Летом 1874 года и меня занесло в долину Макарджера я пришел туда, следуя высохшему руслу ручья. В тот день я охотился на перепелов, и в моем ягдташе уже лежала добрая дюжина тушек. Тут-то я и увидел эту хижину, о которой, кстати, раньше слыхом не слыхивал. В первый раз я не удостоил ее пристальным вниманием, а снова занялся перепелами. День был на редкость удачный, я проохотился почти до самого заката и только тогда сообразил, что забрался очень далеко и до людского жилья мне засветло не добраться. Впрочем, дичи в моем ягдташе было вдоволь, а переночевать я мог в заброшенном домишке. Теплой ночью, если нет дождя, в горах Сьерра-Невады можно спать без одеяла, а за перину вполне сойдет сосновый лапник. Одиночество скорее привлекает меня, чем тяготит, да и летние ночи я люблю, так что решать мне долго не пришлось. Еще не стемнело, а у меня уже было готово в углу довольно мягкое ложе, а на костре поспевал перепел. От костра потягивало дымком, да и света мне вполне хватало. Этот скромный ужин дичь и немного вина, которым я весь день, за неимением воды, утолял свою жажду, доставил мне такое удовольствие, какое я редко испытывал, пользуясь благами комфорта и изысканной кухней.

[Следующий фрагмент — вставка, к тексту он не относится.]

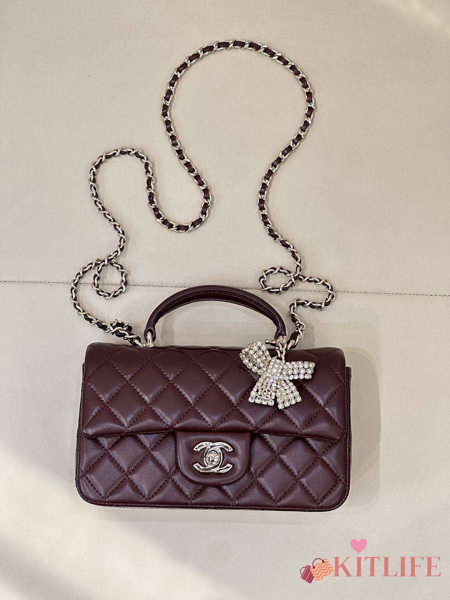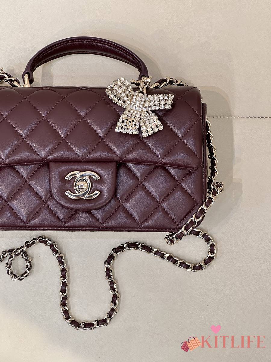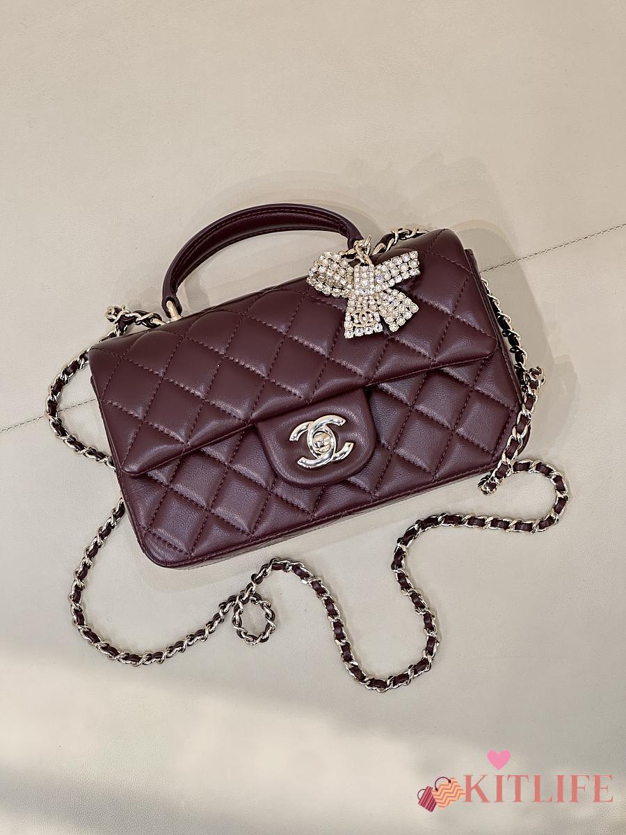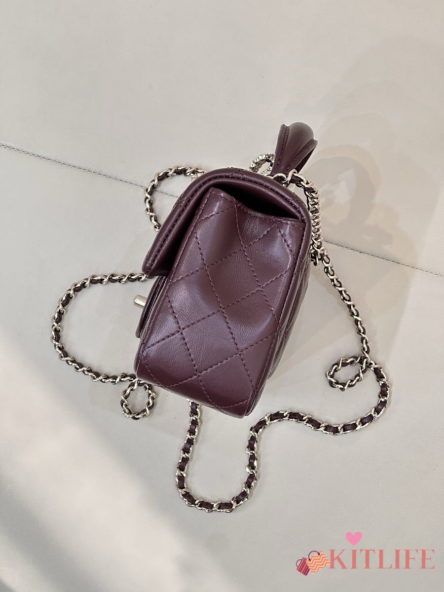 Kitlife Chanel Classic CF Mini Metal Handle Bag Burgundy 20x12x6cm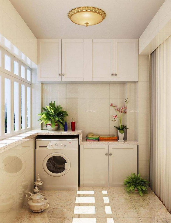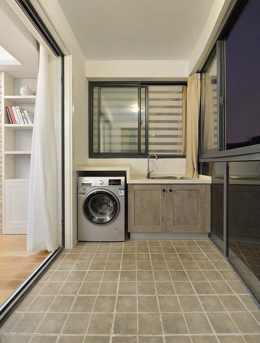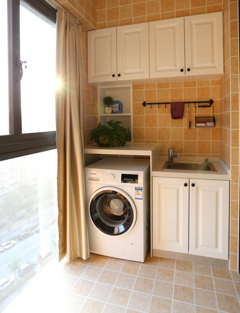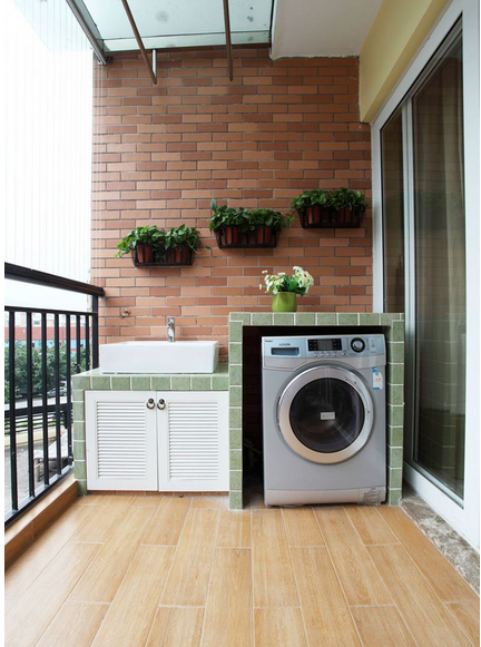 家庭卫生间太小,不方便洗衣服,不妨将阳台安装水池,摆放洗衣机,实用又方便。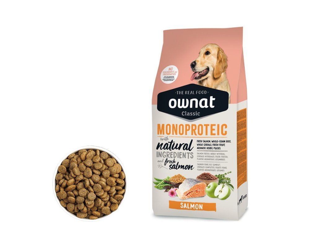 OWNAT CLASSIC MONOPROTEIC DOG Salmon je ideální volbou pro majitele psů, kteří chtějí svým mazlíčkům poskytnout kvalitní krmivo s jediným zdrojem bílkovin, které je chutné, výživné a šetrné k jejich zažívacímu systému. .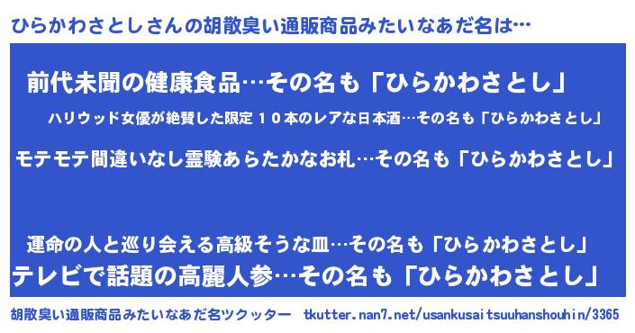 | ヘコむあだ名 | 『ひらっふぃ~』『ひらかわさとし(爆)』 |
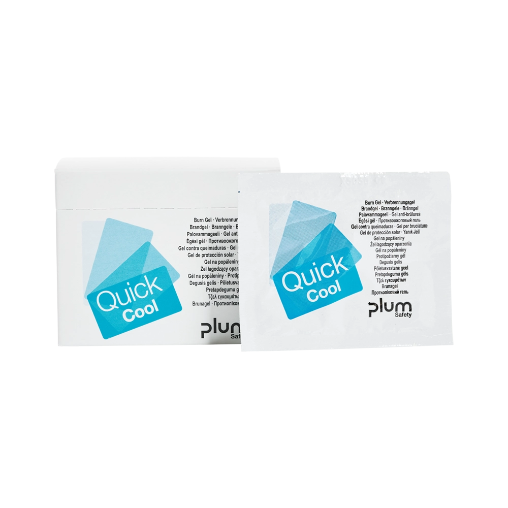 QuickCool is a burn gel designed for first aid treatment of minor burns and scalds. It provides a cooling and pain-relieving effect and contains soothing tea tree oil. The gel can be used on its own or as a refill for first aid stations.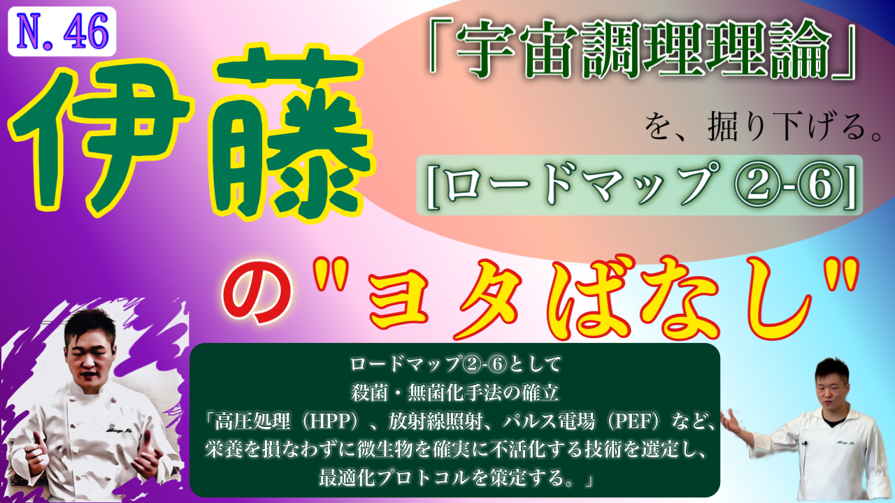 「高圧処理(HPP)、放射線照射、パルス電場(PEF)など、栄養を損なわずに微生物を確実に不活化する技術を選定し、最適化プロトコルを策定する。」
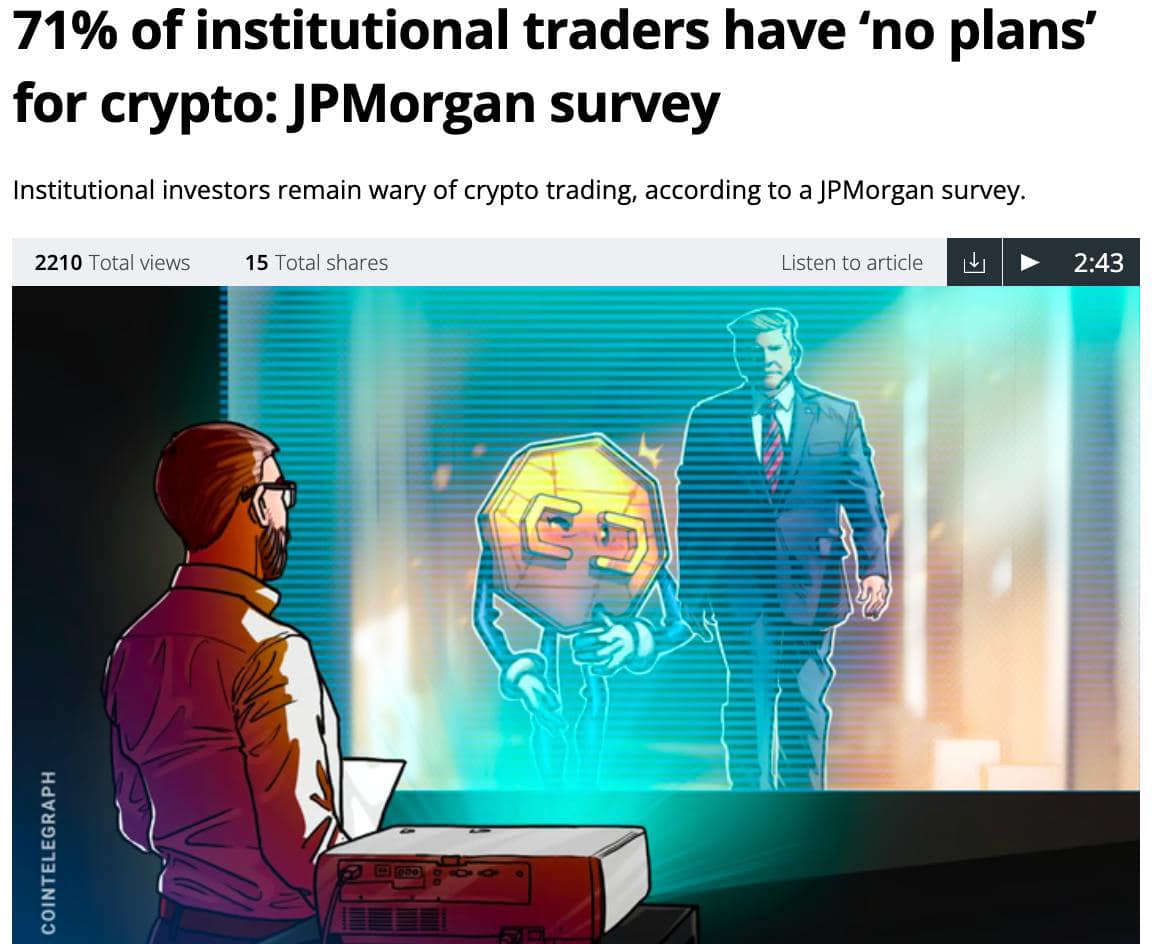 Theo khảo sát của JPMorgan, 71% nhà đầu tư tổ chức không có kế hoạch giao dịch crypto trong năm 2025 (giảm nhẹ so với 78% năm trước), chỉ 16% dự định tham gia và 13% đã giao dịch. Họ chủ yếu lo ngại rủi ro vĩ mô như lạm phát và thuế quan, dù quy định pháp lý tại Mỹ dần “dễ thở” hơn.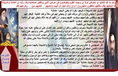 ومنها قول أحد الأئمة فى (الكافي) .نور الطبرسى . المجلسى .. القمى .. الخوئى ..الطوسي...الكولينى ...( بحار الأنوار)0000 وهم عندهم مثل البخاري ومسلم عندنا،فهم من الثقات الصحاح ( يقول أئمة آل البيت في تفسير الشرك بالله الشرك عندنا نحن آل البيت هو من أشرك غيرنا في أمرنا (يقصد أمر الإمامة ) وهذا التأويل باطل لأنه ذهب بالمعنى الظاهر للشرك إلى المعنى الباطن الذي لا يخبر به إلا وحى من السماء ، وقولهم فى نفس المصادر والمراجع ( أن عمر بن الخطاب ذهب إلى على بن أبى طالب واخبره بجمع القرآن وطلب من (الإمام على ) ما عنده من مصحف ليجتمع عليه المسلمين فقال (الإمام على ) والله لن أعطيه لك لأنه لا يمسه الا المطهرون ويقصد بهذا ان عمر مشرك ونجس ولا يؤتمن على القرآن ) وكلا وحاشى ان يقول باب مدينة العلم هذا القول وان قاله فقد باء بغض من الله لأنه ترك الامة تتلوا مصحف ناقص يتعبدون به ويضلون عن سبيل الله وكيف سمح على لعمر وهو المشرك غير المؤتمن بخلافة المسلمين وإمارتهم وهو قابع فى بيته كالنساء يرى دين الله ينتهك وكتاب الله بين يدى المسلمين منقوص ومحرف وفى الكافي أيضا يقول ولما تولى أبو بكر الصديق الخلافة واستبطأ على في البيعة ذهب إليه أبو بكر الصديق رضي الله عنهم هكذا يقول الشيعة فى كتبهم وقال له لم تأتى لتبايعني أكاره لبيعتي يا على قال الإمام على رضي الله عنه وعليه السلام لا والله يا أمير المؤمنين ولكن عكفت على كتاب الله لأكتبه واجمعه فقال أبو بكر الصديق بوركت يا على هذه الرواية موجودة فى كتبهم صحيحة وخاصة الكافى ( بخارى الشيعة ) وهذا إقرار باعتراف على بخلافة أبو بكر وان كان هذا ليس موضوع البحث............... ثم لقي كل من طلحة والزبير وغيرهما الإمام على ( اصول الكافى ) وقالوا له لما لم تعطى ما جمعت لأبى بكر وعمر فقال الإمام على لأن فيه أسماء المنافقين كلهم وفية آيات ولايتنا نحن آل البيت وفيه ذكر أسماء الأئمة الإثنى عشر وأنا أولهم فإن أعطيته لعمر وأبى بكر نسخوها وأخفوها ) ....وهنا أوقع الشيعة الإمام على في شرك عظيم وربما كفر بين لأنه اخفي ما انزل الله ولم يبلغ ما انزل الله وأنكر حفظ الله للقرآن وترك المسلمين ضحية المنافقين وهم لا يعلمون لأن القرآن محبوس عند الإمام على وهم لا يعلمون المنافين لأنهم غير مذكورين إلا في مصحف على كما أنه وكأن آيات المنافقين وأسماءهم لم يقرآها رسول الله إلا على الإمام على فقط دون غيره لذلك جهل الصحابة والمسلمين أسمائهم وكأن أسماءهم اعز عند رسول الله والإمام على من أبى لهب عم الرسول الذي انزل فيه قرآن يبشره بجهنم وأعز من أبى طالب عم رسول الله ووالد على ابن أبى طالب ولم تنزل فيه آية قاطعة مانعة تبشره بالجنة أو تخبرنا بإسلامه وهو من هو بالنسبة لرسول الله وما فعله مع محمد صلى الله عليه وسلم لا يرتدى عباءته إلا مؤمن وموحد بالله من حماية وكفاية رسول الله ( كلا وحاشى أن يكون الإمام وآل بيته هكذا) وإذا كان القرآن الكريم منقوص وصحيحة مع الإمام على الذي ورثه للأئمة صلوات الله عليهم حتى وصل إلى مهدي السرداب واختفى به يحتفظ به لنفسه حتى موعد خروجه فكيف يحاسب الله من ماتوا قبل ظهور المهدي واى حجة تقام عليهم وما بين أيديهم من قرآن منقوص ومحرف واى ذنب يحاسب عليه الإمام على وآل بيته والأئمة اكبر من إخفائهم للقرآن الصحيح تاركين الأمة في ضلال وما صحة ذلك من قوله صلى الله عليه وسلم ( تاركا فيكم ما إن تمسكتم به لن تضلوا بعدى أبدا كتاب الله وعترتى وفى رواية أخرى وسنتي ) فأين كتاب الله الذي تركه رسول الله وأين العصمة من الضلال وكتاب الله لم يترك بين ايدى المسلمين وكيف نرجع للعترة والسنة وليس بين ايدينا كتاب الله الصحيح ولا بين أيدهم حتى الآن لأنه فى عصمة مهدي السرداب ولا يعلمون عنه شيئا (يا ايها الرسول بلغ ما انزل اليك من ربك وان لم تفعل فما بلغت رسالته والله يعصمك من الناس ان الله لا يهدي القوم الكافرين) في الكافي احد تلاميذ الإمام ابى عبد الله يقول له لقد قرأت الآية كما سمعتها منك فينهره الإمام ويقول له اقرآها كما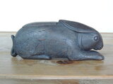 背中が蓋になっていて、中がくり抜かれている木彫りの置物。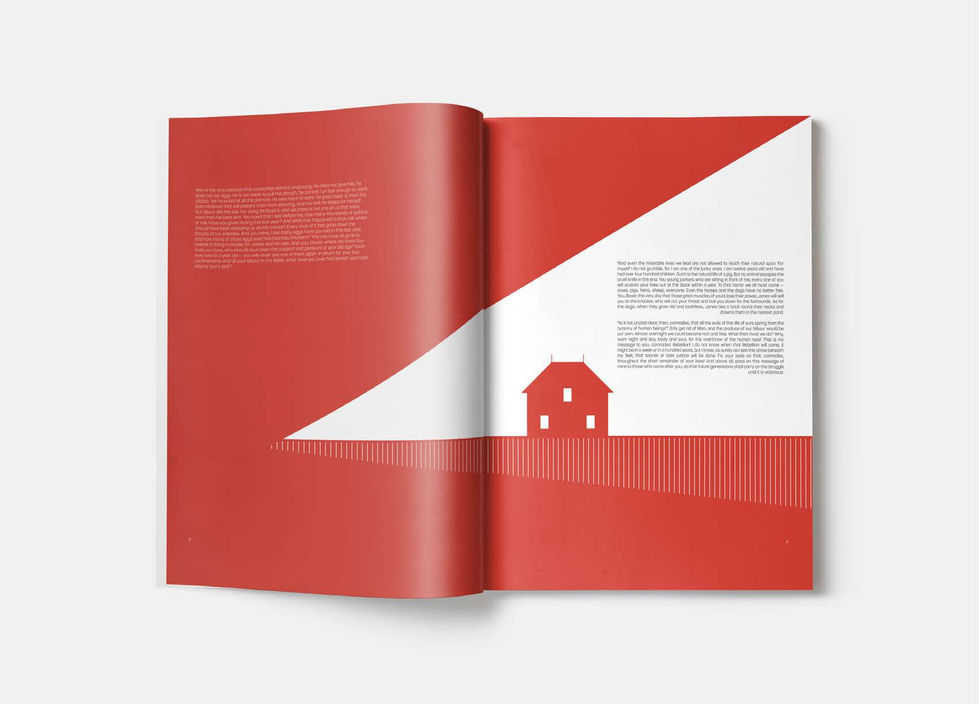 As a design project, I undertook a redesign of the cover and opening pages of George Orwell’s Animal Farm, aiming to give the classic allegory a fresh, modern visual identity. I focused on capturing the book’s dark political themes through a minimalist yet symbolic design approach, using bold typography, stark contrasts, and abstract imagery to reflect the tension and narrative depth of the story. The interior pages were carefully restructured with clean, readable layouts that maintained a strong visual flow while enhancing the reader’s engagement with the text.

И все-таки ощущалось там нечто странное. Я был доволен, спокоен и в то же время чего-то опасался то и дело без видимого повода посматривал то на дверной проем, то на оконный. И с каждым взглядом в ночную тьму во мне росла тревога, причину которой я плохо понимал. Фантазия населяла мир за стенами лачуги врагами, как вполне обычными, так и потусторонними. Из первых более всего стоило опасаться гризли мне говорили, будто они все еще попадаются в тех местах; из вторых же, пожалуй, призраков, хотя уж им-то здесь неоткуда было взяться. Но чувства наши, к сожалению, не всегда в ладу с холодным рассудком, потому я одинаково опасался и возможного, и невозможного.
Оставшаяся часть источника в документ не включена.